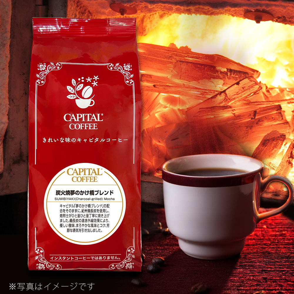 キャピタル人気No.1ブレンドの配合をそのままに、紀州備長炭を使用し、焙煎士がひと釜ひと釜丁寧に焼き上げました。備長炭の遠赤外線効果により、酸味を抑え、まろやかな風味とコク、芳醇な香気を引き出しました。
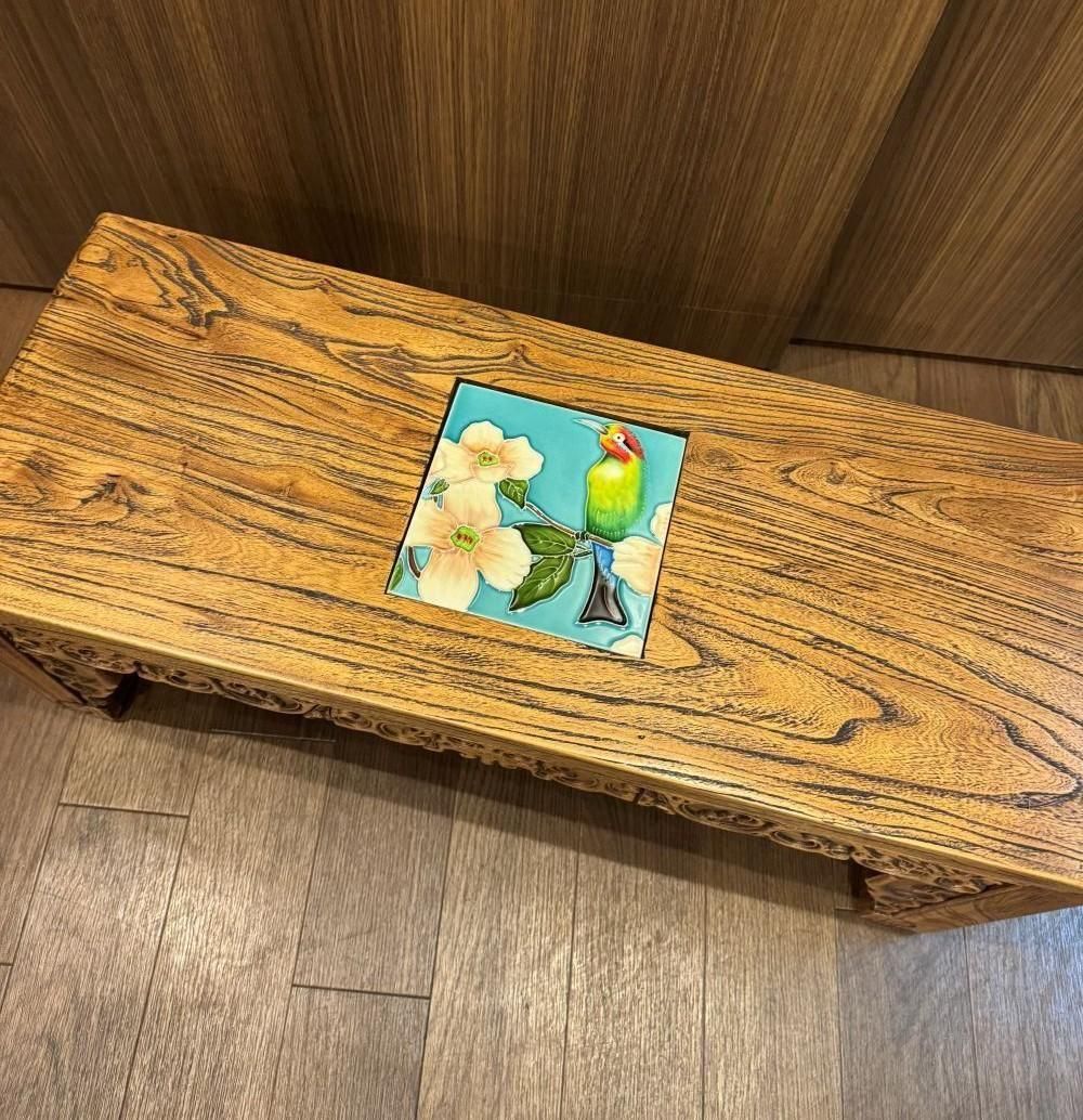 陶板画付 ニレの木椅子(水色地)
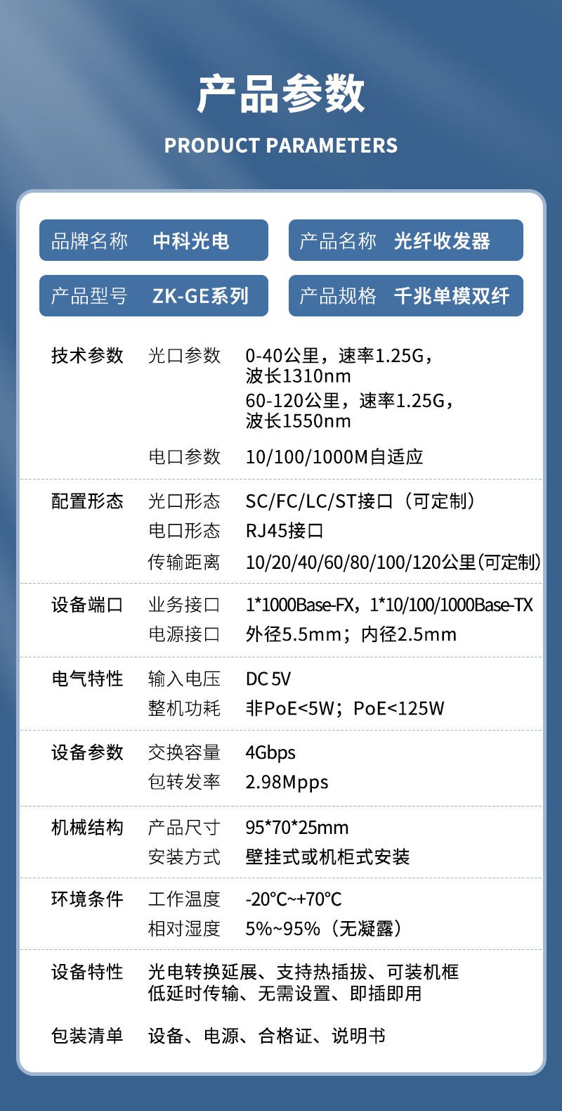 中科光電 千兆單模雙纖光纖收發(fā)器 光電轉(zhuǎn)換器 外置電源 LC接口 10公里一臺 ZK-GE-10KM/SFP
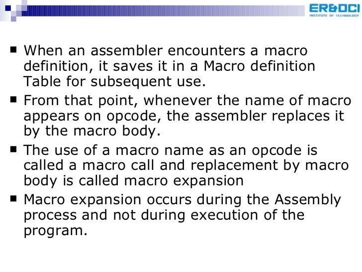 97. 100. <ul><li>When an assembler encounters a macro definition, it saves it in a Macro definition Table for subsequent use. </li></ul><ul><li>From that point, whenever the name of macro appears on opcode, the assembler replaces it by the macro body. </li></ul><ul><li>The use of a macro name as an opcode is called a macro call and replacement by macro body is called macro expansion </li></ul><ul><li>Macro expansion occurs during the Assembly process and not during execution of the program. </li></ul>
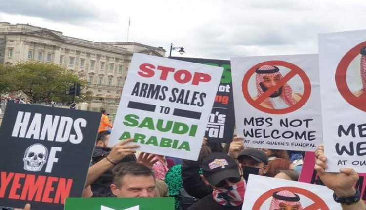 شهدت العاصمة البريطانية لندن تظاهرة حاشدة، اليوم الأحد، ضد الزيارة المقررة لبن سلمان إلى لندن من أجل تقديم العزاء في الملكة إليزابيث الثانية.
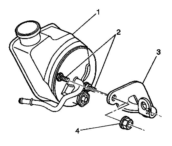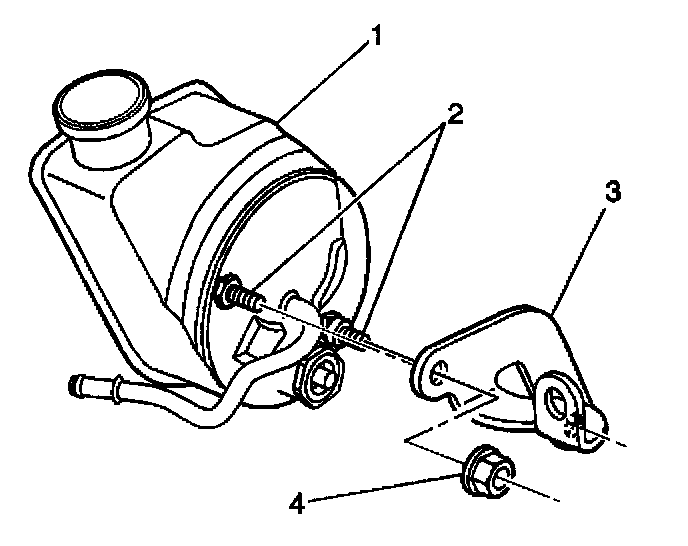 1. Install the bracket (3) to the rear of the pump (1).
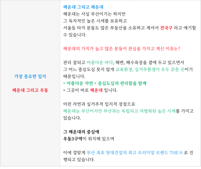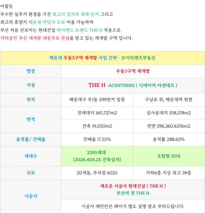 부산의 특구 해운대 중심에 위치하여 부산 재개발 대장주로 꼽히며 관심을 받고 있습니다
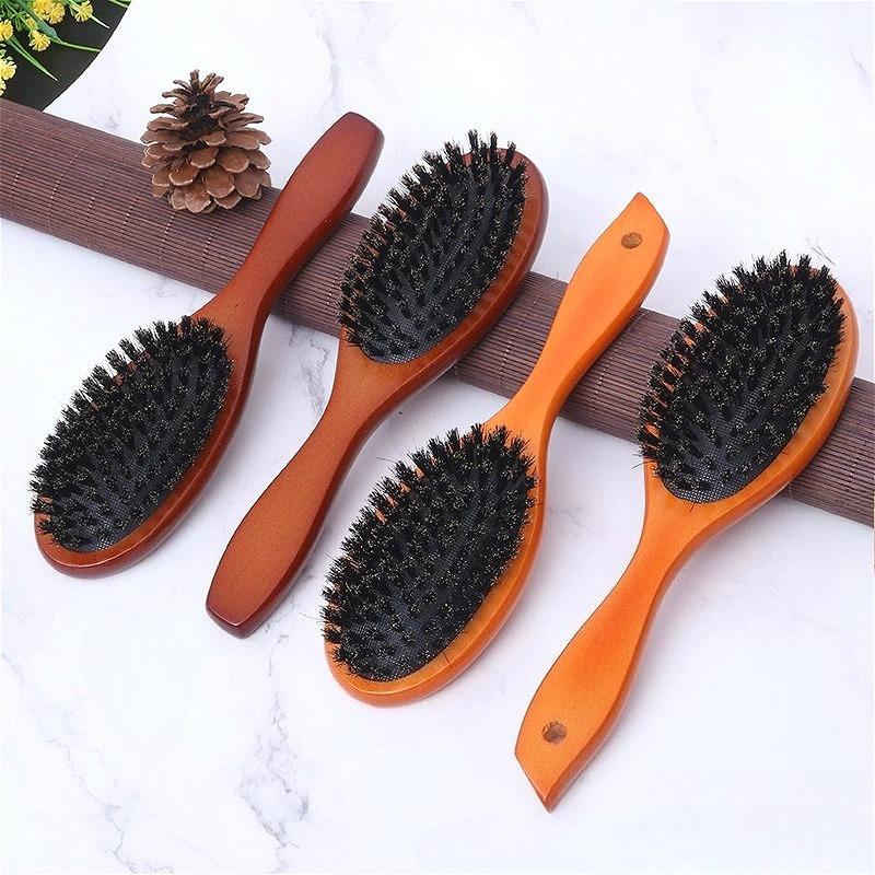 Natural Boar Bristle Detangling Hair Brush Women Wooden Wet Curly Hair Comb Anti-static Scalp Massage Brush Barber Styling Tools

Task details
Once the pictures are set aside, copy the remaining text of every entry exactly.

Problem solution
 キャピタル人気No.1ブレンドの配合をそのままに、紀州備長炭を使用し、焙煎士がひと釜ひと釜丁寧に焼き上げました。備長炭の遠赤外線効果により、酸味を抑え、まろやかな風味とコク、芳醇な香気を引き出しました。
 陶板画付 ニレの木椅子(水色地)
 中科光電 千兆單模雙纖光纖收發(fā)器 光電轉(zhuǎn)換器 外置電源 LC接口 10公里一臺 ZK-GE-10KM/SFP
 97. 100. <ul><li>When an assembler encounters a macro definition, it saves it in a Macro definition Table for subsequent use. </li></ul><ul><li>From that point, whenever the name of macro appears on opcode, the assembler replaces it by the macro body. </li></ul><ul><li>The use of a macro name as an opcode is called a macro call and replacement by macro body is called macro expansion </li></ul><ul><li>Macro expansion occurs during the Assembly process and not during execution of the program. </li></ul>
 شهدت العاصمة البريطانية لندن تظاهرة حاشدة، اليوم الأحد، ضد الزيارة المقررة لبن سلمان إلى لندن من أجل تقديم العزاء في الملكة إليزابيث الثانية.
 1. Install the bracket (3) to the rear of the pump (1).
 부산의 특구 해운대 중심에 위치하여 부산 재개발 대장주로 꼽히며 관심을 받고 있습니다
 Natural Boar Bristle Detangling Hair Brush Women Wooden Wet Curly Hair Comb Anti-static Scalp Massage Brush Barber Styling Tools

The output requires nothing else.